Lieutenant Ellis chuckles. “Please, call me Lawrence.”
“Assuming, of course, you’re interested,” adds Hilleman.
Being ‘in the shit’ is an allure that I find difficult to shake, but this also sounds fascinating. And it’s not like he’s offering a permanent transfer or anything. Why not? This could be fun.
“
Sure,” I say.
Lawrence checks his watch. Wow. I didn’t think anyone still had one of those in the smartphone era. “How confident are you that the crystal’s the source? Do you think there’s anything else in there we missed?”
“Pretty sure, but I can check around again, see if I notice anything else.”
“All right. Let’s give it another walkthrough. After that, why don’t you go clean up and switch to the polo and we can try and figure out where to go from here.”
Natalie comes to mind.
I wink and start walking toward the burned ruin. “I’ve got an idea already, once we’re done here.”

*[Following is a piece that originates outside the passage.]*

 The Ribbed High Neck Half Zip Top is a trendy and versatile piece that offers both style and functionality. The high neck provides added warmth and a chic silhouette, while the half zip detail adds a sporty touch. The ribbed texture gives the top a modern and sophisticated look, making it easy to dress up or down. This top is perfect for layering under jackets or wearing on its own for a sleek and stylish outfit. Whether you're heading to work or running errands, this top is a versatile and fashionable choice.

ver the next few hours, I roam the burned-out restaurant with Lawrence. He shows me the spots where they believe ignition occurred, though at this point, their theory that the fire started in twelve different places is based on the spread of the burn pattern on the ground. The fire had been so hot, little of the interior structure remains. It’s difficult to even identify where the boundaries between various rooms had been. Nothing else draws my attention, and by the time we leave, the rest of the fire crew is long gone.
He gives me a ride back to my stationhouse in a red SUV labeled Fire Marshal. After a quick shower and change to a fresh uniform (a white polo shirt with FD markings and black BDU pants), I hurry outside and climb into his truck.

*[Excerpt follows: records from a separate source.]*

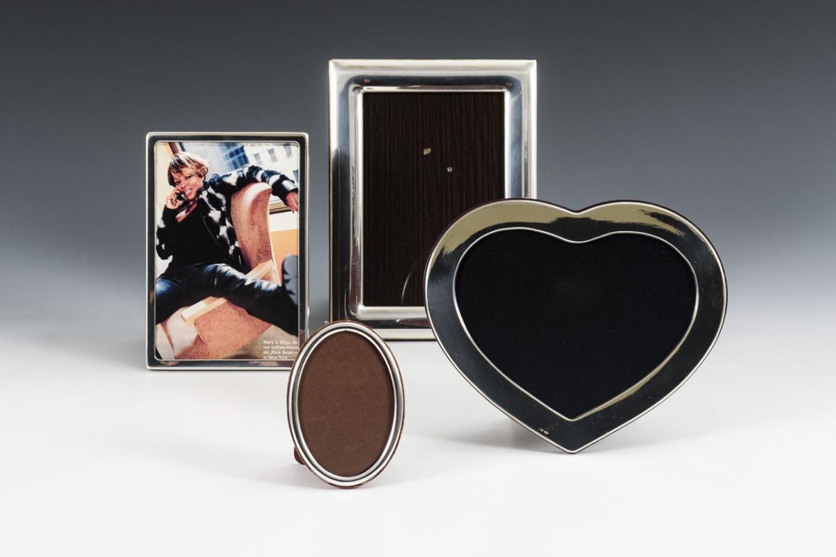 4 silberne Bilderrahmen.
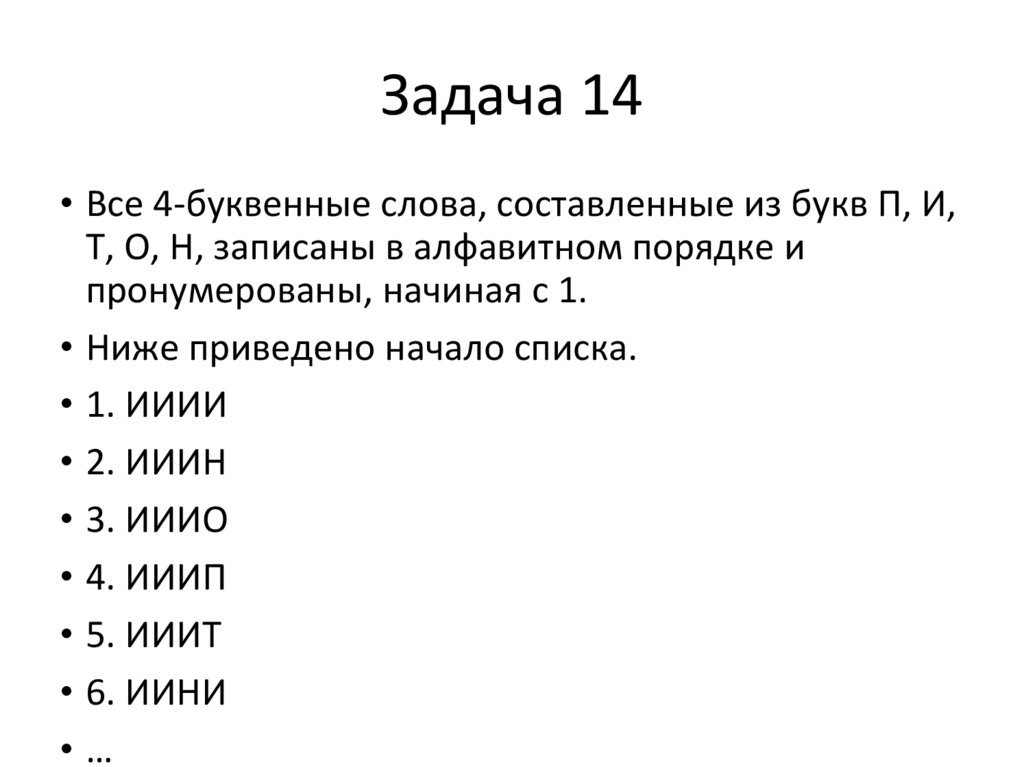 Задача 14• Все 4-буквенные слова, составленные из букв П, И,
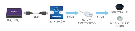 「回転式センサー」とサイネージプレーヤー「BrightSign」の接続図
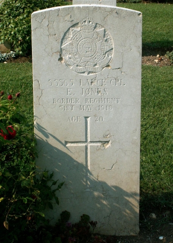 “May 31, aged 20 years, Lce-Corpl. Edward Jones (Eddie), Border Regt., formerly K.L.R., the beloved son of Mr. and Mrs. Jones, 49, Arundel Street, Walton. (Wears a crown of victory.)”
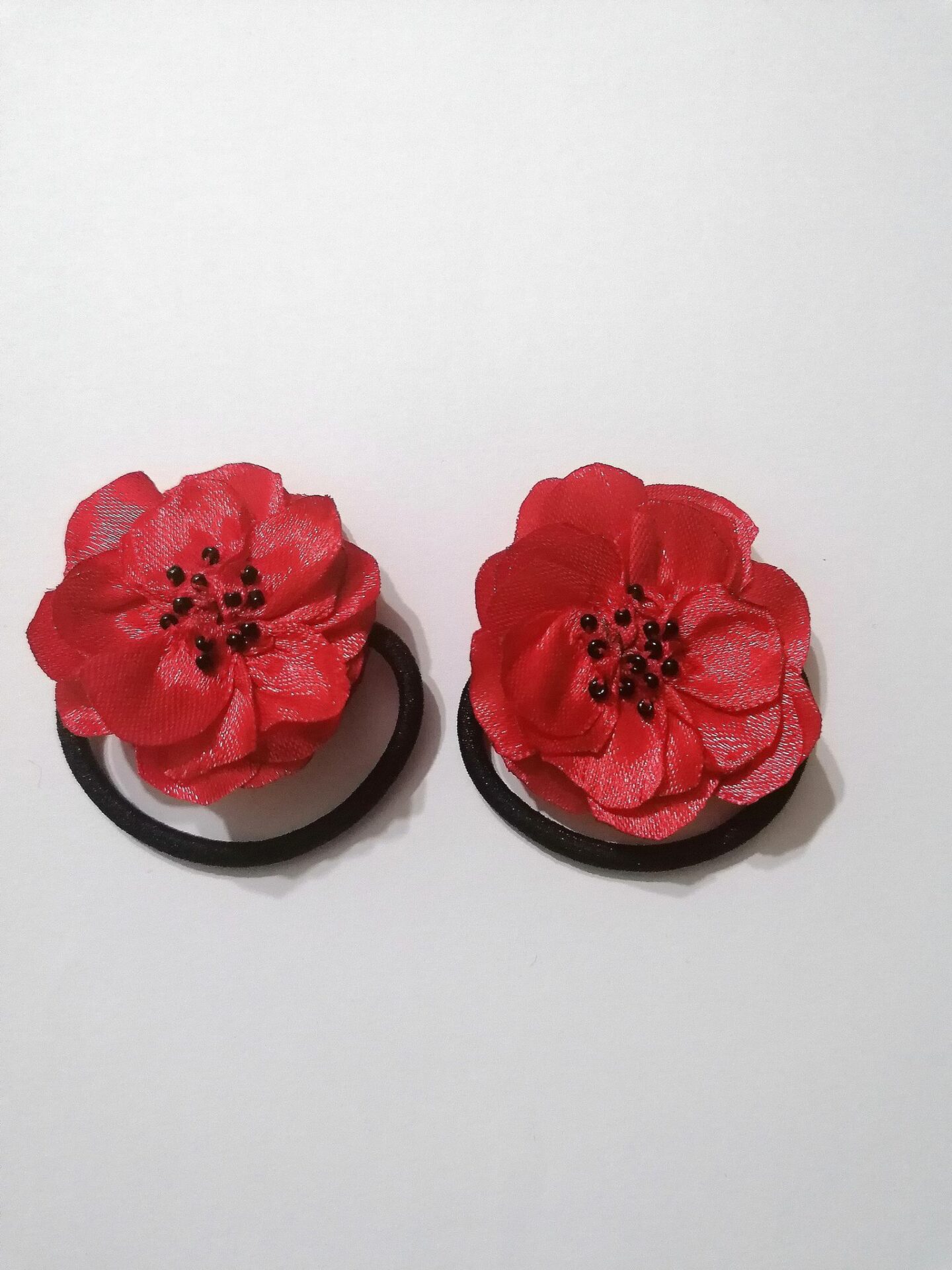 Pereche de elastice pentru par cu flori rosii. Florile sunt cusute pe o baza din fetru. Elasticul este bine prins intre cele doua fete din fetru. Diametrul unei flori este de aproximativ 5 cm.

While we’d been snooping around for any additional clues, I’d mentioned Natalie. He liked the idea, so he’d agreed to let her have a look at the crystal once I’d changed. The shower leaves me smelling only a little like an ashtray. I feel almost official or something, going out in public in this uniform. Normally, it’s hidden under an extra set of flame-retardant pants and a big coat plus air tank.
“Here.” Lawrence hands me a nametag that reads assistant arson investigator.
I take it and pin it on my shirt. “Thanks. Guess if I need to project authority, it’ll help.”